Tyler Corporation purchased Business Records Corporation in 1998, and Oates replaced Fred Meyer, a Dallas man whose credentials include chairmanship of the George W. Bush inaugural, chairmanship of Victory 2000 (the Bush fundraising campaign) and a Bush family crony for many decades. Tyler Corporation changed its name to Tyler Technologies. According to election fraud expert Eve Waxtell, Tyler had/has financial ties to Cronus Corporation, which had purchased companies controlling 80 percent of the U.S. voting systems (CES, Thornber, and Governmental Data). There were crossover members of boards of directors between Cronus, Tyler, BRC and other entities in the elections services business.

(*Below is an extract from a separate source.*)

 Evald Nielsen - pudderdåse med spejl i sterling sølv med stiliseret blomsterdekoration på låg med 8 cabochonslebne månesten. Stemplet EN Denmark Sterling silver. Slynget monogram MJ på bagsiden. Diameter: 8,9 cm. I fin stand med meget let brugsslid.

Here's where it gets even more interesting. After buying an enormous share of the elections business starting in late 1997 and installing Oates (an elections old hand) as CEO, this previous autoparts business-now elections services corporation Tyler started dumping this elections segment of its holdings in December 2000, post election. Oates left then. I've lost my notes on the stock sales, but I was following some records of insider trading. C.A. Rundell, CEO of Cronus and a director of Tyler, dumped 65,000 shares of Tyler stock in December 2000, for example. The corporation that went from an auto parts business to elections services and installed a CEO with elections experience began to sell all that elections stuff in December 2000.
Oates became the CEO of another new firm that specializes in data collection for government entities; other directors of that company have Cronus and Tyler ties, and all began at Eastman Kodak, which dabbled in election services until scared off by fraud litigations in the 1980s. Fred Meyer became the CEO of Aladdin, a company he served for many years earlier in his career.

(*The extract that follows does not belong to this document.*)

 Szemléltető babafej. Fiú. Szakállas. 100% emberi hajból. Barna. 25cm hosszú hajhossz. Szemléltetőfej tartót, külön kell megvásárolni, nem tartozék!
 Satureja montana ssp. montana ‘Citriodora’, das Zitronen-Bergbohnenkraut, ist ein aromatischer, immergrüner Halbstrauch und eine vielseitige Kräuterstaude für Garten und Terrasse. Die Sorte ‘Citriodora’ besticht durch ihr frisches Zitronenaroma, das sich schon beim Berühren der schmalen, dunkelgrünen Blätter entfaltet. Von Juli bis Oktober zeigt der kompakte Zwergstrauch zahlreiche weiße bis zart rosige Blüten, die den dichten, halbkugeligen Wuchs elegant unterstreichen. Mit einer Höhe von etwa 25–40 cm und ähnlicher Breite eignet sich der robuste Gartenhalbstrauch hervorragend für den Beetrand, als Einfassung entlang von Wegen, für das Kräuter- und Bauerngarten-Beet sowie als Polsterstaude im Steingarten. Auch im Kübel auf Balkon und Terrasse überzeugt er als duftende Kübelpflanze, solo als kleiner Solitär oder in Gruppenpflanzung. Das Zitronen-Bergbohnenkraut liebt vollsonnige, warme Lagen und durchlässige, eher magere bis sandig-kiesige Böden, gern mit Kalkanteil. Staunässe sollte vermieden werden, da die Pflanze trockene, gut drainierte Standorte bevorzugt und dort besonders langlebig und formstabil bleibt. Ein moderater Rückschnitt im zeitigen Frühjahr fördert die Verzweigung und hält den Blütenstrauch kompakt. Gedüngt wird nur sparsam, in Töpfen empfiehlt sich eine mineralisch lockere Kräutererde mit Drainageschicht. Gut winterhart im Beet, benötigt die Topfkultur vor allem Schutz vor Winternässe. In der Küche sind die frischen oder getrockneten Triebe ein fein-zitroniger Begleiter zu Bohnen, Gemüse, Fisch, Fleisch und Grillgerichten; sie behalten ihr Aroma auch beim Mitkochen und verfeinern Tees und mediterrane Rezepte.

Is there a story here? Some questions beg to be answered. Why did Fred Meyer leave Tyler in 1997? Did he remain a de facto force? Was Oates hand-picked by Meyer?
Here's the possibility: Was Tyler Company/Corporation used as a front in order to gather physical control of a vast segment of election services through the 2000 election? Did Fred Meyer then step aside (at least in name) as CEO because he was too close to the Bushes and the Bush campaign?
I have no background in mergers, acquisitions, the corporate world or the stock market. Some of these corporations have changed names, been bought out, bought up, stopped and re-started, merged, etc. There probably are a lot of ways to track more information that I'm just not familiar with. It is true that things are not always what they seem (skim milk masquerades as cream) but the trail begs following.